L’Afrique est le continent le plus exposé aux différentes formes d’insécurité alimentaire. Sur les 688 millions de personnes sous-alimentées dans le monde, près de 296,2 millions vivent en Afrique. Le taux d’insécurité alimentaire y avoisine 60%, contre moins de 30% à l’échelle mondiale. Le continent africain demeure également fortement dépendant des importations alimentaires, une situation aux lourdes conséquences financières, puisqu’il dépense chaque année près de 100 milliards de dollars pour l’achat de produits alimentaires.
Par ailleurs, l’agriculture africaine fait face à des difficultés structurelles majeures qui l’empêchent d’assurer pleinement sa fonction nourricière. Les sécheresses, les inondations et la désertification constituent des entraves importantes à la réalisation de la sécurité alimentaire dans de nombreux pays africains. À cela s’ajoutent l’instabilité politique née des conflits armés, des coups d’État successifs et l’ingérence des puissances étrangères, qui créent un climat défavorable au développement agricole et à la sécurité alimentaire. Il en résulte un processus de dégradation continue qui fragilise les États africains face aux répercussions des crises internationales.
Sous l’impulsion de la vision de Sa Majesté le roi Mohammed VI en faveur de la coopération Sud-Sud, le Maroc a lancé un ensemble de projets et d’initiatives visant à promouvoir la sécurité alimentaire en Afrique. L’Initiative pour l’adaptation de l’agriculture africaine (AAA ou 3A) et l’Initiative pour la soutenabilité, la Stabilité et la sécurité en Afrique (SSS ou 3S) s’inscrivent pleinement dans cette dynamique.
Lancée par le Maroc lors de la COP22 organisée à Marrakech en 2016, l’initiative AAA vise à atténuer les effets du changement climatique sur l’agriculture et, par conséquent, à lutter contre l’insécurité alimentaire en Afrique. Pour ce faire, des solutions concrètes sont mises en œuvre pour améliorer la gestion des sols, optimiser l’utilisation de l’eau agricole et réduire les risques liés au climat. À ce jour, 38 pays africains ont rejoint cette initiative, ce qui témoigne de sa pertinence, de son efficacité et de son attractivité.
Dans le même esprit que l’initiative AAA, et toujours sous l’impulsion du Maroc, l’initiative 3S se veut une approche intégrée face aux multiples défis auxquels sont confrontés les pays africains les plus vulnérables aux aléas climatiques. Elle vise essentiellement à renforcer la résilience à travers la mise en place de systèmes d’alerte précoce contre les catastrophes naturelles, la réduction des flux migratoires par la création d’opportunités d’emploi, ainsi que la restauration des terres dégradées.
Un autre projet pionnier mérite également d’être souligné: l’initiative royale pour l’Afrique atlantique, annoncée en novembre 2023. Celle-ci vise à offrir aux pays du Sahel — le Mali, le Burkina Faso, le Niger et le Tchad — un accès à la façade atlantique du Maroc. Dans un contexte géopolitique instable, un projet aussi ambitieux est susceptible de générer des retombées économiques significatives pour ces pays sahéliens enclavés. En matière de sécurité alimentaire, l’initiative atlantique favoriserait la construction de corridors commerciaux et d’infrastructures de transport, facilitant ainsi les échanges d’import-export. Le port de Dakhla, actuellement en cours de construction, est appelé à jouer un rôle stratégique dans le renforcement des liens commerciaux et logistiques entre le Maroc et les pays du Sahel.
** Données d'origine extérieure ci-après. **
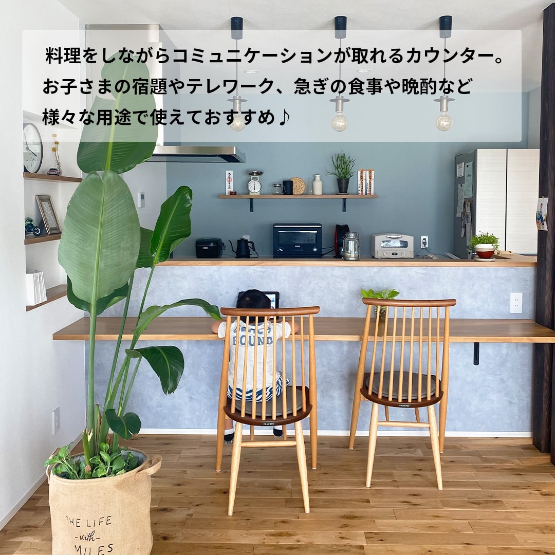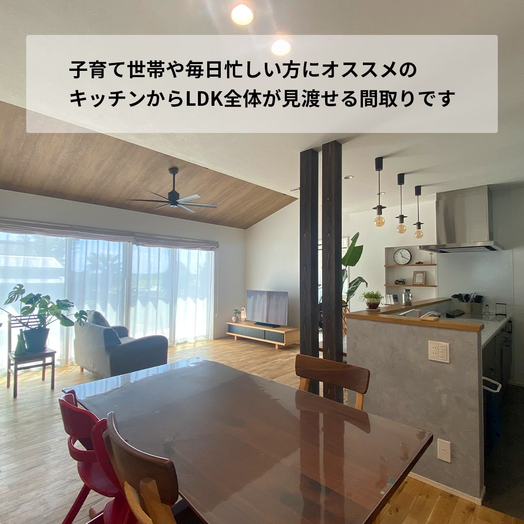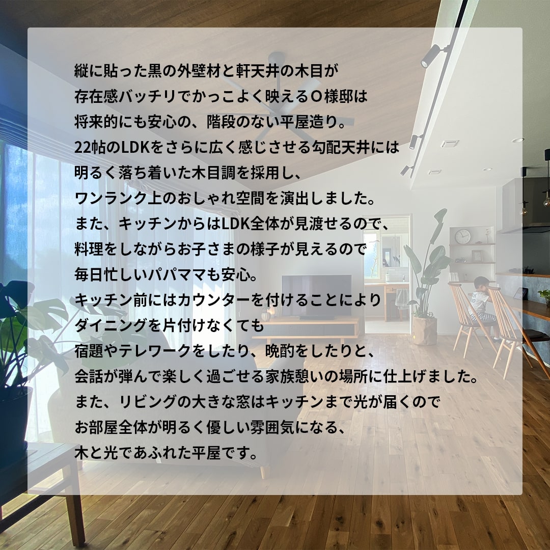 22帖のLDKをさらに広く感じさせる勾配天井には 明るく落ち着いた木目調を採用しワンランク上のおしゃれ空間を演出しました。 またキッチンからはLDK全体が見渡せ、料理をしながらお子さまの様子が見れるので 毎日忙しいパパママも安心です。キッチン前にはカウンターを付けることによりダイニングを片付けなくても宿題やテレワークをしたり、晩酌をしたりと、会話が弾んで楽しく過ごせる家族憩いの場所に仕上げました。リビングの大きな窓からキッチンまで光が届き、お部屋全体が明るく優しい雰囲気の木と光であふれた平屋です。
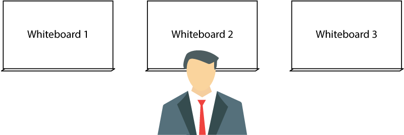 An instructor with multiple whiteboards to show at the same time.
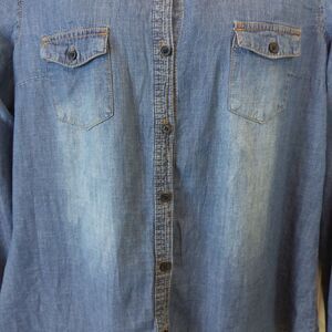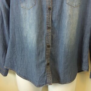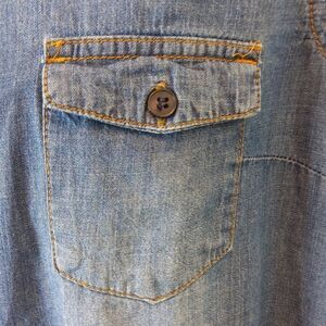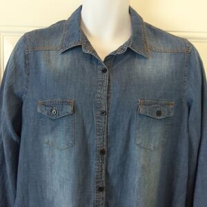 CI Sono blue chambray mildly distressed long sleeve button front shirt
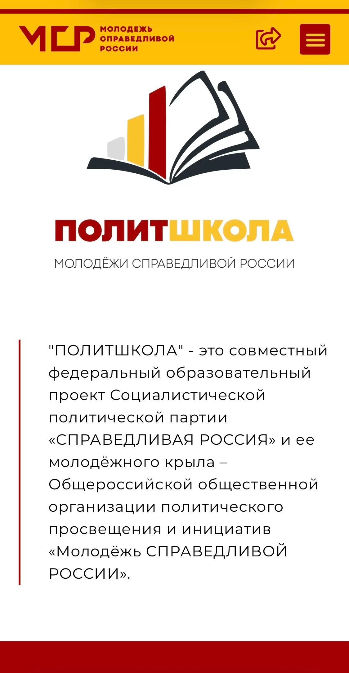 Именно поэтому мы приглашаем окунуться в мир знаний и опыта, стать частью уникального образовательного проекта – четвёртого сезона ПолитШколы партии СПРАВЕДЛИВАЯ РОССИЯ.

Pour contribuer aux équilibres alimentaires du continent africain, le Royaume du Maroc dispose d’atouts considérables dans les domaines de l’agriculture et de la sécurité alimentaire. Après la Chine, il est le deuxième producteur mondial de phosphate, avec une production estimée à 40 millions de tonnes en 2023, et détient les plus importantes réserves mondiales de cette ressource stratégique. Le phosphate, utilisé dans la fabrication des engrais, est un élément essentiel de la sécurité alimentaire mondiale. Conscient de ses responsabilités envers le continent auquel il appartient, le Maroc fournit régulièrement des intrants agricoles aux pays africains afin d’améliorer leur productivité et de réduire leur dépendance aux marchés internationaux des produits alimentaires.
Dans un contexte mondial et régional marqué par un assombrissement croissant des perspectives en matière de sécurité alimentaire, les réponses unilatérales et les efforts non coordonnés montrent rapidement leurs limites. En revanche, les solutions élaborées collectivement s’avèrent efficaces pour relever le défi alimentaire. C’est dans cette optique que le Maroc déploie une véritable stratégie de coopération Sud-Sud, visant à renforcer la souveraineté alimentaire des pays africains et à permettre à l’Afrique de se nourrir par elle-même.